3. Strategic Venezuelan Crude Procurement
At the end of January, Marathon anticipated processing two cargoes of Venezuelan heavy crude at its U.S. refineries, targeting improved feedstock economics and margin capture. This marks a shift toward heavier slate utilization as specialized units at Garyville and Galveston Bay come online. The feedstock optimization project at Garyville will displace higher-cost intermediates with crude, with a $110 million investment in 2026 and $185 million in 2027, scheduled for completion by year-end 2027. Enhanced heavy feedstock handling is expected to lift R&M margin performance in the second half of 2026.
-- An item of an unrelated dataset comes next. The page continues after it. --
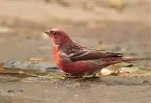 酒红朱雀小型鸟类,体长13~15厘米。雄鸟通体深红色,头部深朱红或棕红色,下背和腰玫瑰红色,眉纹粉红色而具丝绢光泽。两翅和尾黑褐或灰褐色、具暗红色狭缘,内侧两枚三级飞羽具淡粉红色先端。…全部>>

4. 2026 Capital Spending Focuses on High-Return Projects
Marathon’s standalone capital budget for 2026 is $1.5 billion, allocated 65% to value-enhancing projects and 35% to sustaining work. Key investments include $350 million for a 90 thousand-barrel-per-day distillate hydrotreater at Galveston Bay and $50 million to enhance jet fuel output flexibility at Robinson. At El Paso, a $35 million yield improvement project on the fluid catalytic cracker and alkylation units will complete in Q2 2026, while Los Angeles utility modernization wraps up post-turnaround. The combined program aims to boost throughput, elevate product yields and strengthen margin resilience across MPC’s refinery network.